Conclusion: The gliomatous focus (frontal) treated with bone marrow-derived MSCs carrying the HSV-TK gene had a different pattern of growth and recurrence compared with the non-treated one (parietal).

Trial registration: IRCT20200502047277N2. Registered 10 May 2020—Retrospectively registered, https://eng.irct.ir/trial/48110.

Introduction

Glioblastoma multiforme (GBM) is the most common type of brain tumor malignancy in adults, and even with the best available therapy, the average survival time is < 12 months (1). The incidence rate of multiple synchronous GBM lesions is between 0.5 and 35%, with an average incidence rate of ~10% (2).

According to prior clinical trials, one of the most widely evaluated and encouraging therapeutic strategies for cancer is suicide gene therapy (3). In previous studies on glioma, the suicide gene therapy using the HSV-tk gene, which phosphorylates nucleoside analogs such as ganciclovir (GCV) to suppress DNA replication of cells, has been frequently investigated (4).

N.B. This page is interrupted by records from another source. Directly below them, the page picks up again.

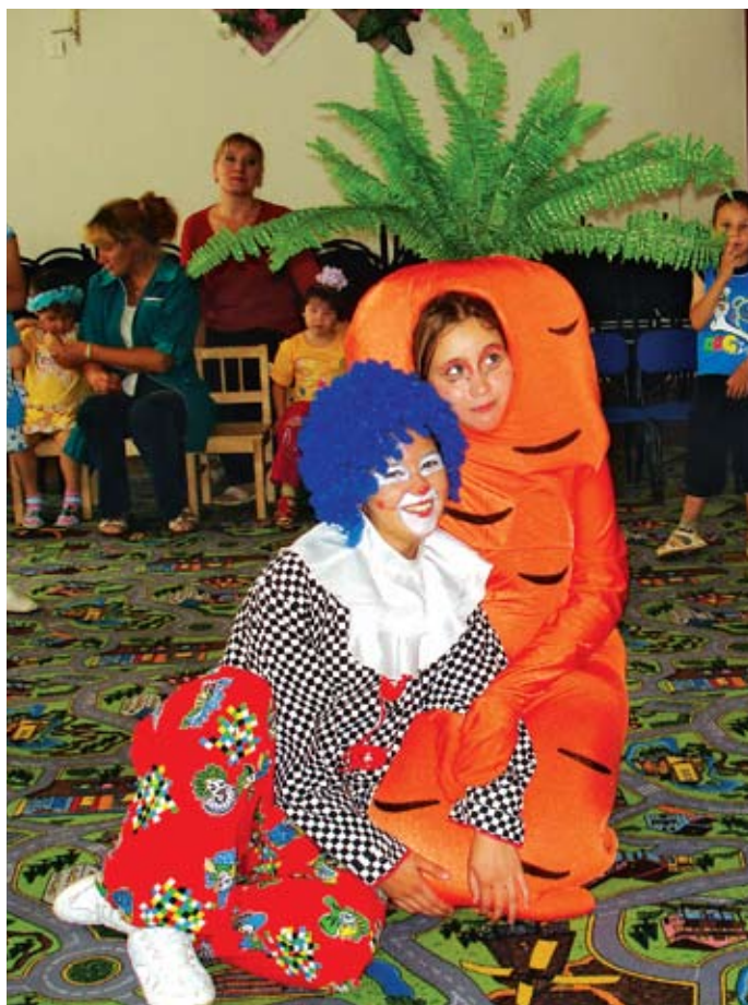
Весёлые клоуны акции «Снова в школу!» вручили подарки воспитанникам приютов
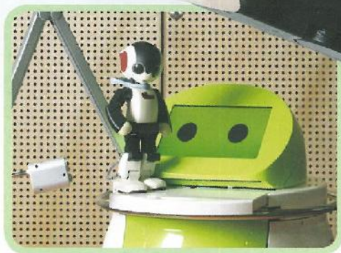
Terapio, un valido aiuto in ospedale
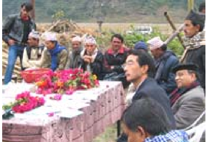
जनताको आवाज एडीबीको सहायतामा सञ्चालित तेश्रो पशु विकास आयोजनासम्बन्धमा स्थानीय किसानहरूको कुरा सुन्दै एडीबीको दक्षिण एसिया विभागका महानिर्देशक योशिहिरो इवासाकी।

अन्तर्राष्ट्रिय समन्वयका लागि जापान बैंकको सहयोगमा सञ्चालित कालीगण्डकी ‘ए’ जलविद्युत् आयोजनाको उद्घाटन समारोहमा पनि भाग लिनुभएको थियो। सरकारी अधिकारीहरूसँगको कुराकानीमा उहाँले यस आयोजनाअन्तर्गत कार्यान्वयन हुन बाँकी रहेका मुद्दाहरूलाई सम्बोधन गर्नुपर्ने आवश्यकतामाथि जोड दिनुभएको थियो।
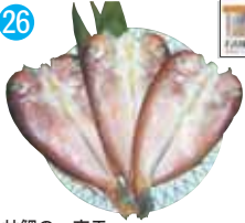
甘鯛の一夜干 榎商店 ☎0855-65-2305 http://www.kaji-shouten.shop-site.jp/
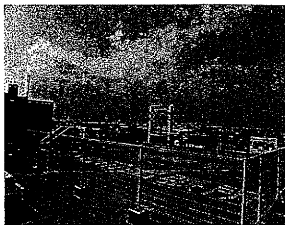
屋上にある津波一時退避スペース
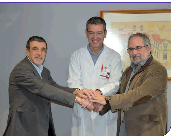
La musicoteràpia també s'ha implantat a la Unitat de Cures Intensives

Serveis Funeraris Cabré Junqueras, la Fundació Privada Hospital Asil de Granollers i l'Associació Art Solidari van signar a finals de novembre un conveni de col·laboració per tal de desenvolupar
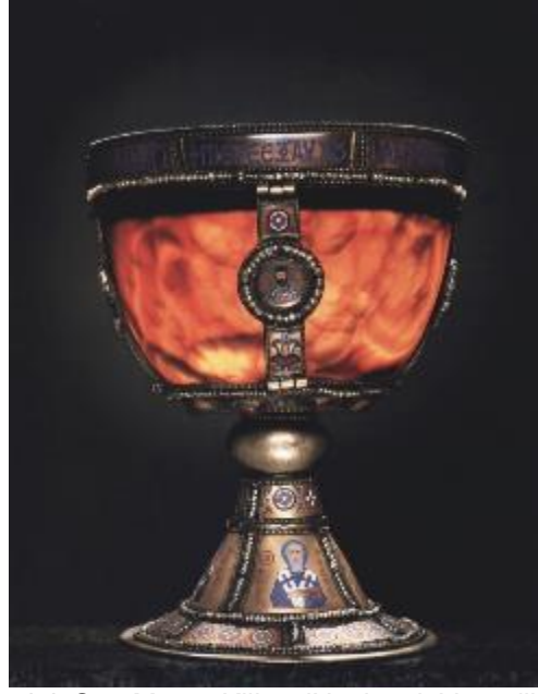
Şekil 11: (Solda) Aziz George'un kol kemiği, San Marco Kilisesi Hazinesi, Venedik Şekil 12: (Sağda) Bizans İmparatorluk Kadehi, San Marco Hazinesi, Venedik (Buckton & Prior (Ed.),1984)

Aya İoannes Prodromos Kilisesi'nden götürülen Aziz George'un kol kemiği (Riant, 1875:204) (Şekil12) günümüzde San Marco Hazinesinde bulunmaktadır. Kutsal emanetlerin yanı sıra San Marco Kilisesi Hazinesi'nde IV. Haçlı seferi ile götürüldüğü bilinen birçok kadeh (Şekil 13), aydınlatma elemanları ve pek çok değerli eşya (Şekil 14-15-16-17) yer almaktadır (Buckton, Pior,1984:159).

Efficient gene delivery to the target cancer cells is one of the significant issues in gene therapy (5). In addition to viral vectors, applying MSCs as gene delivery vehicles is unique in cancer treatment (6). This potential use of MSCs mainly originates from their significant capability to migrate into inflammatory sites and tumor microenvironments. They could also exert antitumor and proapoptotic effects on tumor cells (5). However, some studies have revealed that the immunosuppressive influence of MSCs could lead to cancerous transformation, tumor growth, and metastasis enhancement in experimental models. Owing to these findings, the use of MSCs in cancer has become a matter of debate, indicating the necessity of clinical trials to provide more evidence about their safety and efficacy (6, 7).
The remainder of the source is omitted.